In the Name of Allah, Most Gracious, Most Merciful
Hijaab for Modesty or Road Blocker
By Irshad Mahmood – Director, Siraat-al-Mustaqeem Dawah Centre

"O children of Adam, we have provided you with garments to cover your bodies, as well as for luxury. But the BEST GARMENT is the GARMENT of RIGHTEOUSNESS. These are some of GOD's signs, that they may take heed”, (Al_Quraan_07:026).

The Best Example of Hijaab is what a Woman wears at Hajj, i.e. with face open. Most IMPORTANT about Hijaab is that Allah has ordered to wear Hijaab, (Ref: Al_Quraan_033.059, 024.030, 024.031). In Hijaab women looks 10 times more beautiful.

NiQAAB/BARRIER only for Prophet’s Wives: Covering the Face/Veil/Mask only for Prophet’s Wives:

The eyes, nose, mouth and ears all require an exposed environment to work as designed, which is why Allah has concentrated them all on the head. This is why the head is 'designed' to be exposed and not covered. The functions are identical on both men and women. Therefore women too require the head to always be free of obstruction - the intended blueprint of Allah's master-plan.

The commandment to cover the face was only for the wives of Prophets, not other women. When the revelation came, Prophet’s wives immediately started covering it, but unfortunately many Muslimahs misunderstood it and started following it and crossing the borders by started breaking relations with their relatives as well.

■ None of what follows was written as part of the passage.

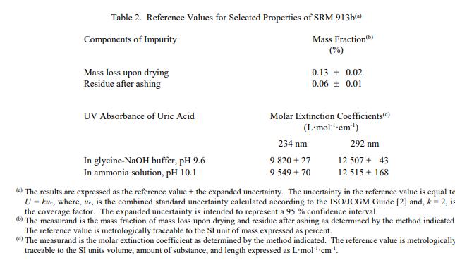 分析方法:認證值和參考值的所有分析均在 NIST 進行。由于尿酸不熔化,差示掃描量熱法不能用作純度的總體測量。相反,使用多種技術評估潛在雜質,包括:液相色譜-質譜 (LC-MS)、氣相色譜-質譜 (GC-MS)、干燥失重、800 °C 灰化和紫外線 (紫外)光譜。干燥和灰化分析的結果如表 2 所示。可能存在其他低含量雜質,但此處使用的技術未檢測到。認證純度是通過從 100% 中減去干燥后的質量損失和灰化后的殘留物之和來確定的。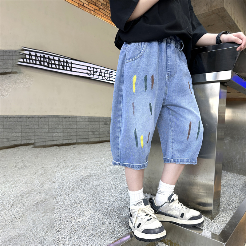 남아 여름 바지 반바지 2025 새로운 스타일 중대형 아동 여름 청바지 아동 여름 5부 바지 얇은 중간 바지

O you who believe! do not enter the houses of the Prophet unless permission is given to you for a meal, not waiting for its cooking being finished-- but when you are invited, enter, and when you have taken the food, then disperse-- not seeking to listen to talk; surely this gives the Prophet trouble, but he forbears from you, and Allah does not forbear from the truth, And when you ask of them any goods, ask of them from behind a curtain; this is purer for your hearts and (for) their hearts; and it does not behove you that you should give trouble to the Messenger of Allah, nor that you should marry his wives after him ever; surely this is grievous in the sight of Allah, (Al_Quraan_033:053).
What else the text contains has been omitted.